(Information given begins)

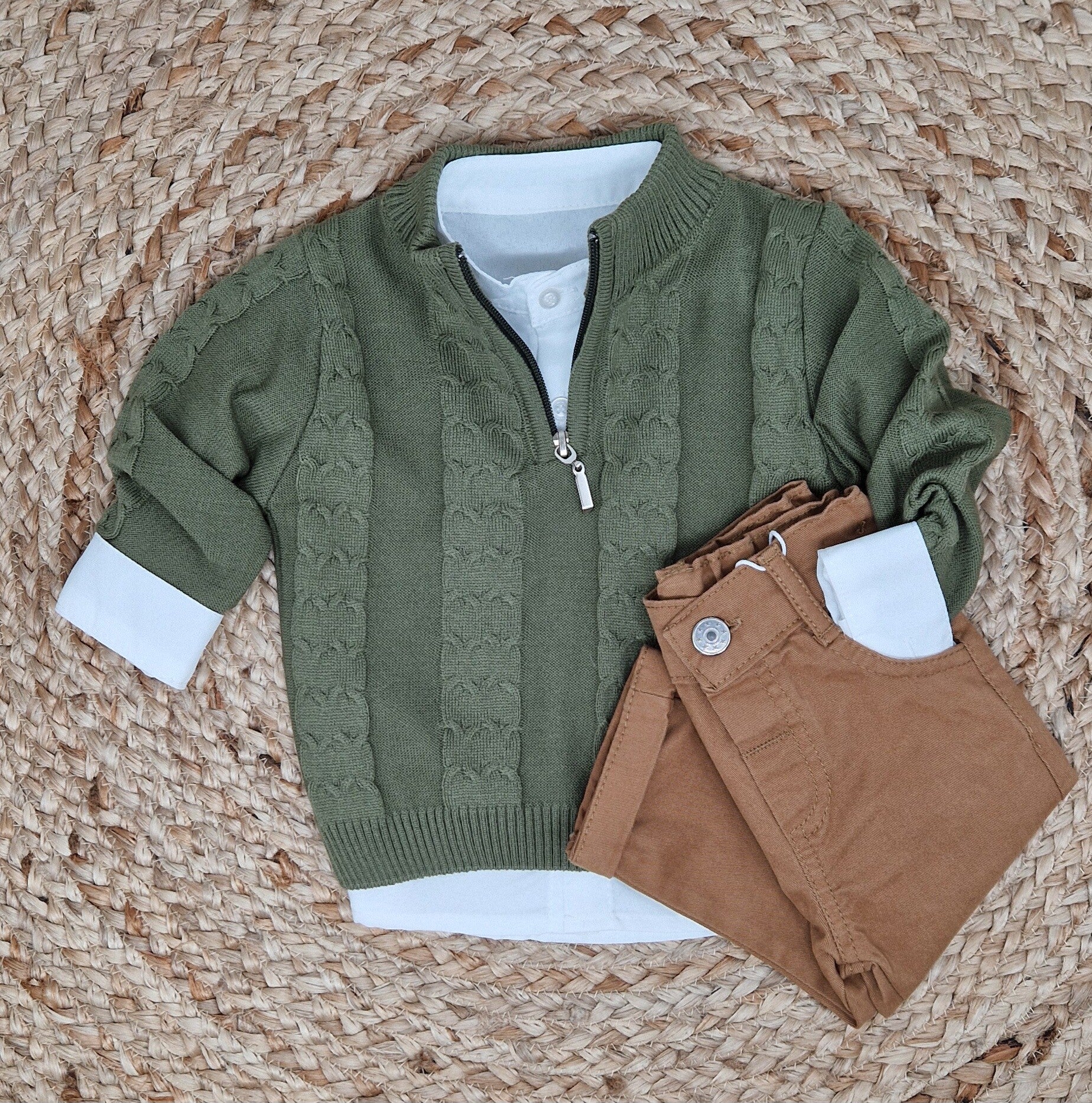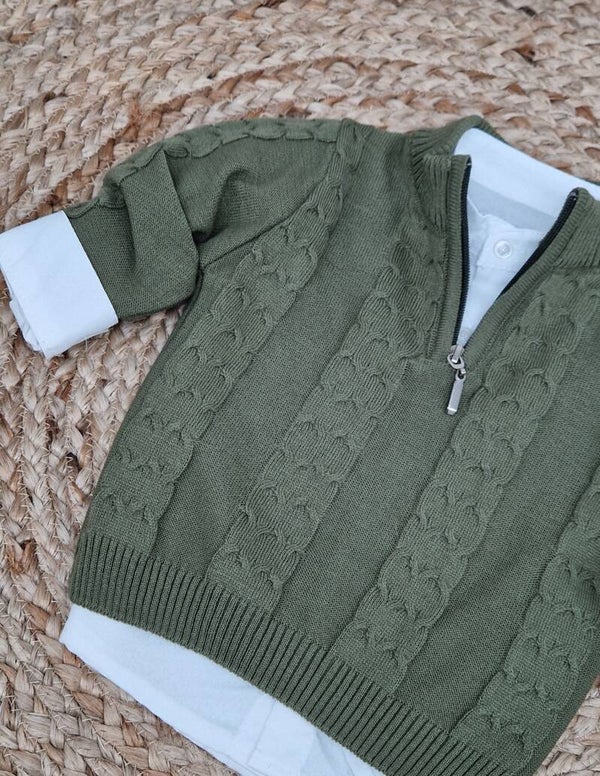 Stoere jongenstrui groen met kabelpatroon met witte blouse eronder.
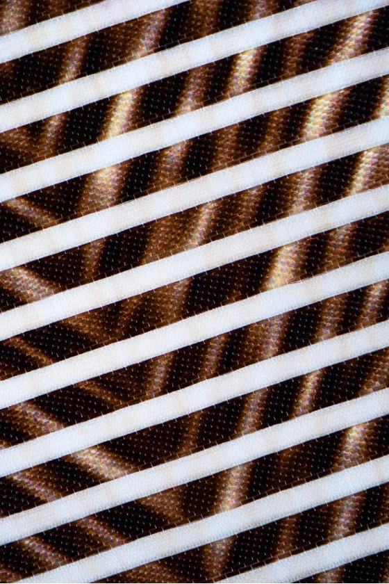 Itaalia organza kangas vahelduvate triipudega - läbipaistev ja läbipaistmatu, 0,5 cm lai. Siksakiline motiiv pruuni-beeži värviga. Läbipaistev vöö on kootud looduslikust siidist, läbipaistmatu aga polüestrist.
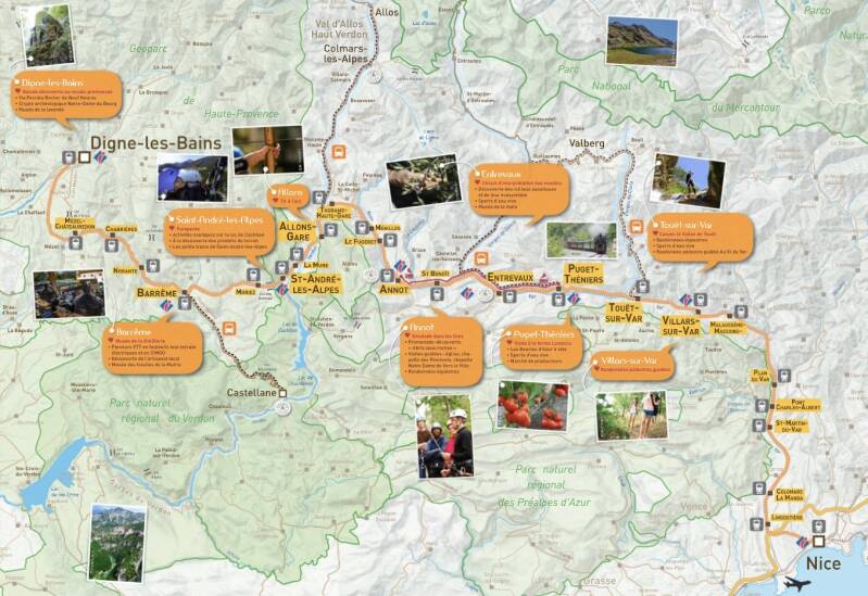 Onderweg is het mogelijk om uit te stappen in één van de 28 stationnetjes. De middeleeuwse dorpjes Villars-sur-Var, Touët-sur-Var, Entrevaux (één van de dorpen van Frankrijk met het label ‘Les Plus Beaux Villages de France’) en Annot zijn een hoogtepunt.
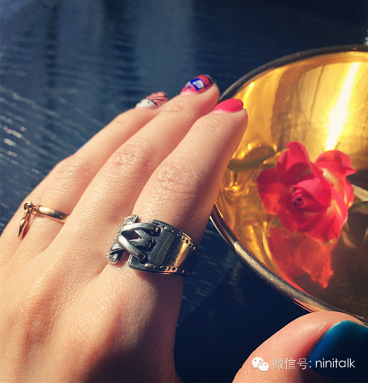 当时这枚尺寸很大,我还是如获至宝地戴在手上。它造型别致又不会过分夸张,本身有着十足的存在感,却能跟任何服装搭配,所以后来我就一直戴着不想取下来了,仿佛成了自己的一部分。
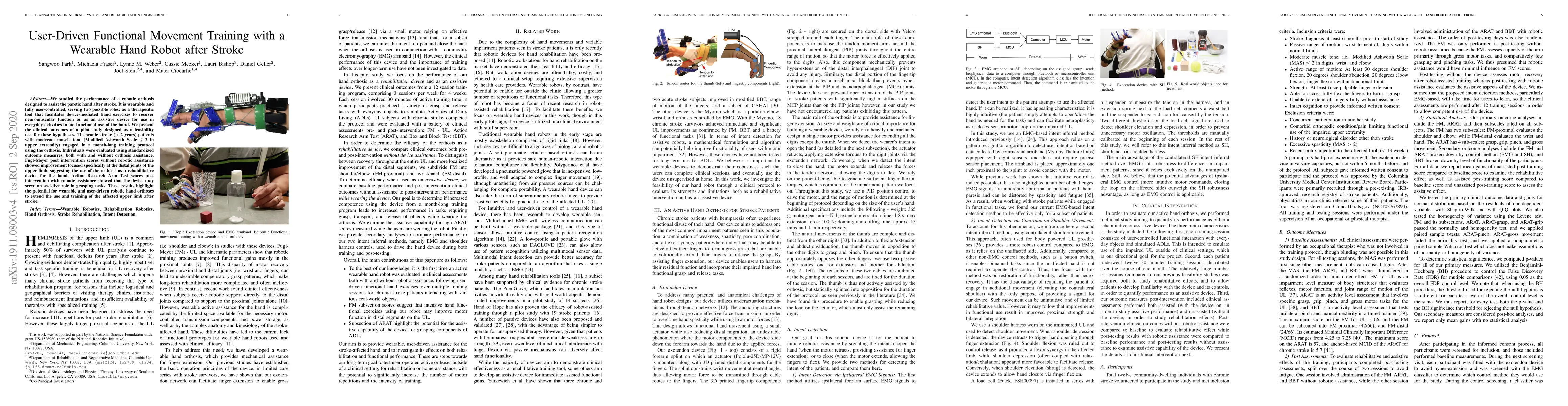 This study investigates a wearable, user-controlled robotic orthosis aiding hand function post-stroke, showing improved distal joint performance and grasping tasks in chronic stroke patients after a month-long training protocol. The findings suggest the orthosis's potential as both a rehabilitative and assistive tool.
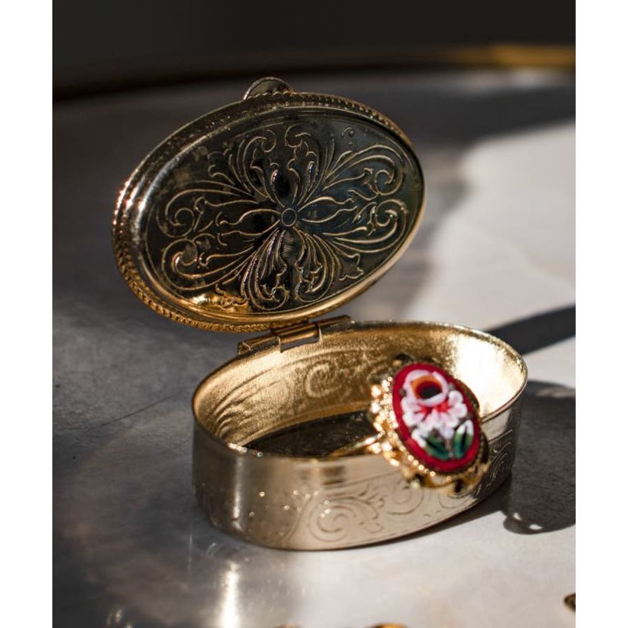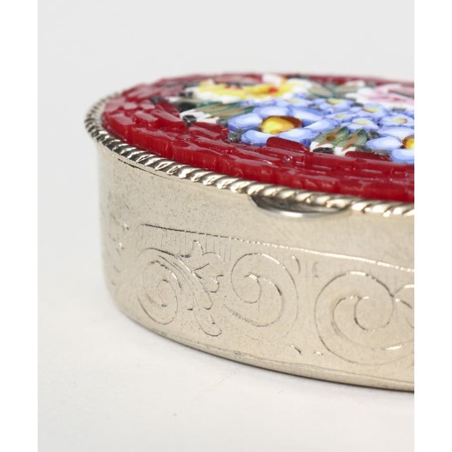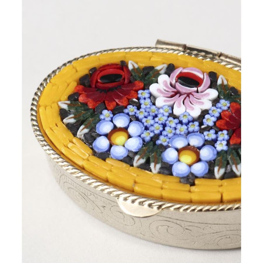 息を呑むほどに美しい、イタリア・ベネチアの伝統技法「ガラスモザイク」を贅沢にあしらったオーバル型のピルケース。1mmほどのガラスをフレームにはめ込んで、お花などの模様を表現しています。昔ながらの職人の繊細な技が光ります。毎日使うものだから、とっておきのひとつ
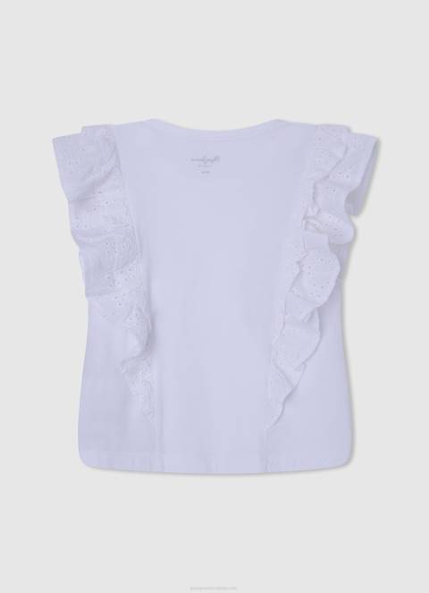 djevojka bijela majica s duplim volanima Pepe Jeans JZ8H1482
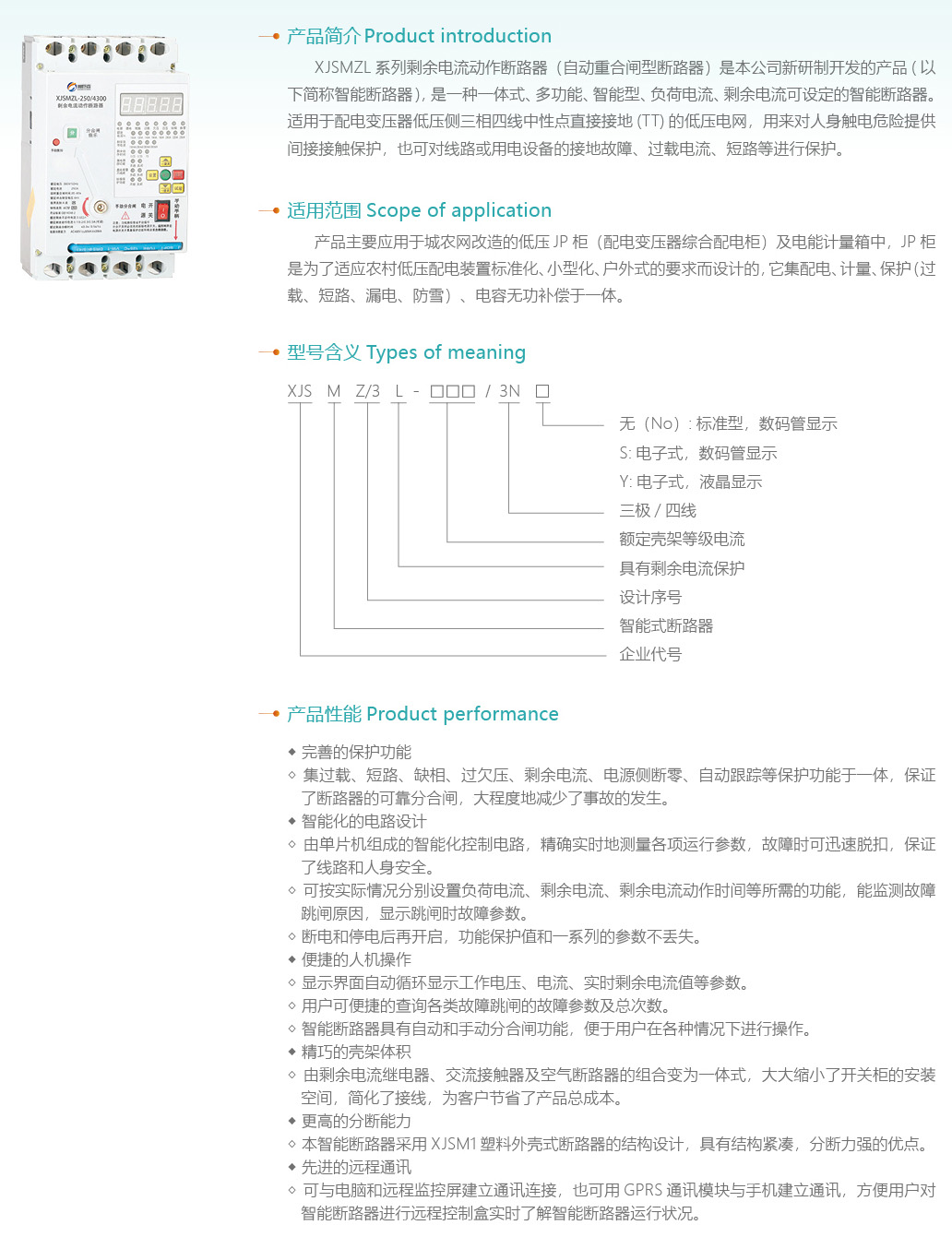 XJSMZL系列剩余電流動(dòng)作斷路器
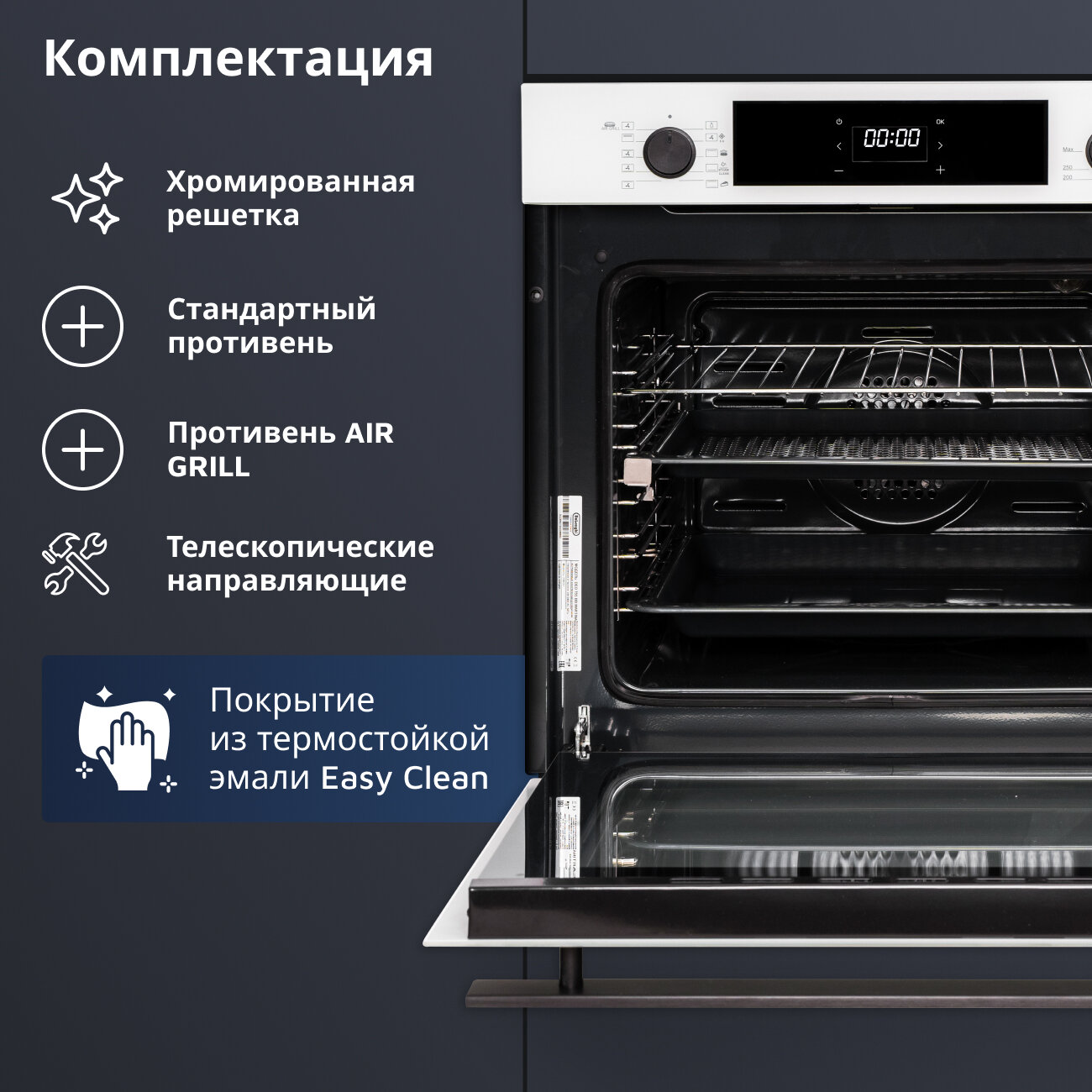| Подробная комплектация | Перфорированный противень для AIR GRILL, глубокий противень с антипригарным покрытием, хромированная решётка |

(Information given ends)

Needed here is only the span from the line with "XJSMZL系列剩余電流動(dòng)作斷路器" through the last line of the entries, copied exactly with both ends and without pictures.

 XJSMZL系列剩余電流動(dòng)作斷路器
| Подробная комплектация | Перфорированный противень для AIR GRILL, глубокий противень с антипригарным покрытием, хромированная решётка |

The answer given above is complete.